Instituto do Cancer do Estado de São Paulo, Faculdade de Medicina da Universidade de São Paulo, Av Dr Arnaldo, 251, São Paulo, ZIP code: 01246-000, Brazil.
São Paulo Clínicas Liver Cancer Group, Instituto do Câncer do Estado de São Paulo - Hospital das Clínicas Complex, Department of Gastroenterology, University of São Paulo School of Medicine, São Paulo, Brazil.
BMC Cancer. 2018 Dec 13;18(1):1250. doi: 10.1186/s12885-018-5173-0.
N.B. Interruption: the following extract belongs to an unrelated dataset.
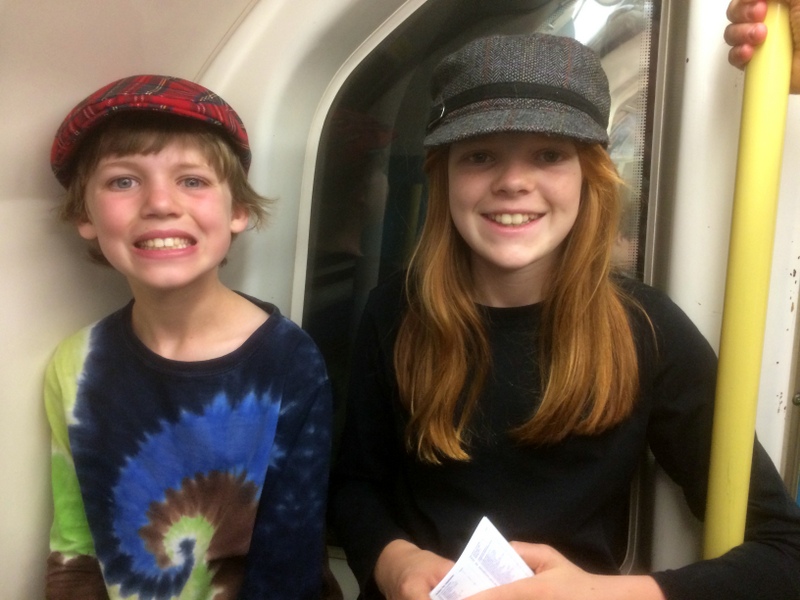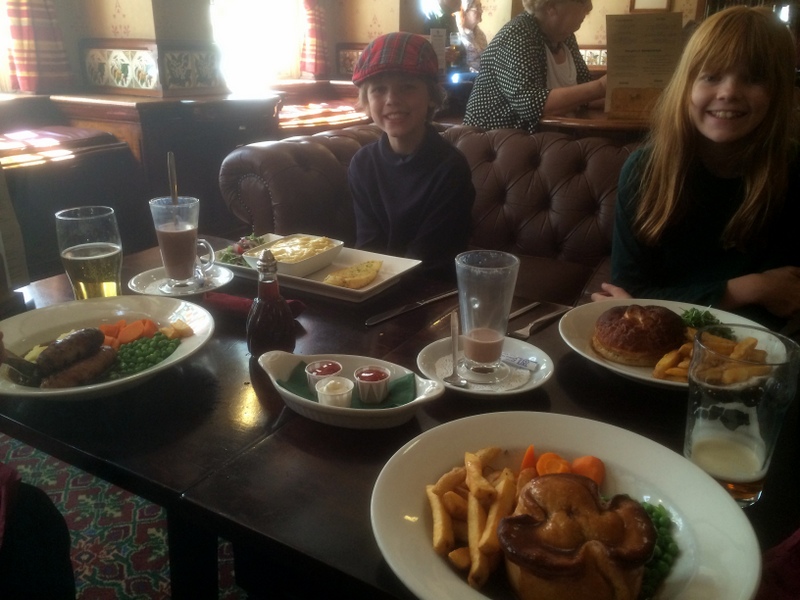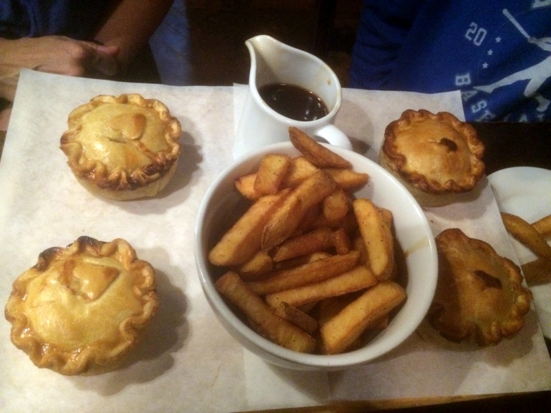 Lots of good food in London. This was after the Charlie and the Chocolate Factory show - two kinds of pies, bangers and mash, and Eero had the mac and cheese.

Before the targeted therapies era, cytotoxic chemotherapy (CCT) was an option for advanced hepatocellular carcinoma (HCC), even with the lack of supporting evidence. Since the last decade, sorafenib has been established as the first-line therapy. Although new agents are being incorporated, CCT is still considered in regions where new drugs are not available or for patients who progressed through the approved therapies and remain in good clinical condition. We aimed to describe our experience regarding the use of CCT as second-line treatment after sorafenib.
A database of 273 patients was evaluated. Patients that received CCT after sorafenib progression were selected for the analysis. Descriptive statistics was used for categorical and continue variables. Median survival was estimated with Kaplan-Meier curves. Variables were found to be significant if the two-sided p value was ≤ 0.05 on multivariate testing using the Cox regression model.
Forty-five patients received CCT; 33 (73.3%) had Child-Pugh classification A, and 34 (75.6%) had stage C according to the Barcelona Clinic Liver Cancer (BCLC) staging system. The most used regimen was doxorubicin in 25 patients (55.6%). Median overall survival (OS) was 8.05 months (95% confidence interval [CI] 2.73 - 9.88 months). The 6-month and 1-year survival probability was 52.4% and 27.36%, respectively. Eastern Cooperative Oncology Group performance status (ECOG PS) 0-1 and disease control with sorafenib was independently associated with better OS in patients treated with CCT. Any-grade toxicities were observed in 82.2% and grade 3-4 in 44.4% of the patients.
In accordance with previous studies, CCT had a notable rate of adverse events. The poor prognosis of this cohort suggests that CCT may not alter the natural history of HCC after sorafenib progression.
在靶向治疗时代之前,细胞毒化疗(CCT)是晚期肝细胞癌(HCC)的一种选择,尽管缺乏支持证据。自过去十年以来,索拉非尼已被确立为一线治疗药物。尽管新药物正在被纳入,但在新药不可用或在已通过批准的治疗方法进展且仍处于良好临床状况的患者中,仍考虑使用 CCT。我们旨在描述我们在索拉非尼进展后使用 CCT 作为二线治疗的经验。
评估了 273 例患者的数据库。选择接受索拉非尼进展后 CCT 的患者进行分析。使用描述性统计数据对分类和连续变量进行分析。使用 Kaplan-Meier 曲线估计中位生存期。如果多变量测试中双侧 p 值≤0.05,则认为变量具有统计学意义,使用 Cox 回归模型进行测试。
45 例患者接受 CCT;33 例(73.3%)患者Child-Pugh 分级为 A,34 例(75.6%)患者巴塞罗那临床肝癌(BCLC)分期为 C 期。最常用的方案是 25 例患者使用多柔比星(55.6%)。中位总生存期(OS)为 8.05 个月(95%置信区间[CI]为 2.73-9.88 个月)。6 个月和 1 年的生存率分别为 52.4%和 27.36%。ECOG PS 0-1 和索拉非尼的疾病控制与 CCT 治疗患者的更好 OS 独立相关。82.2%的患者出现任何级别的毒性,44.4%的患者出现 3-4 级毒性。
与先前的研究一致,CCT 的不良反应发生率较高。该队列的预后较差表明,CCT 可能不会改变索拉非尼进展后 HCC 的自然病程。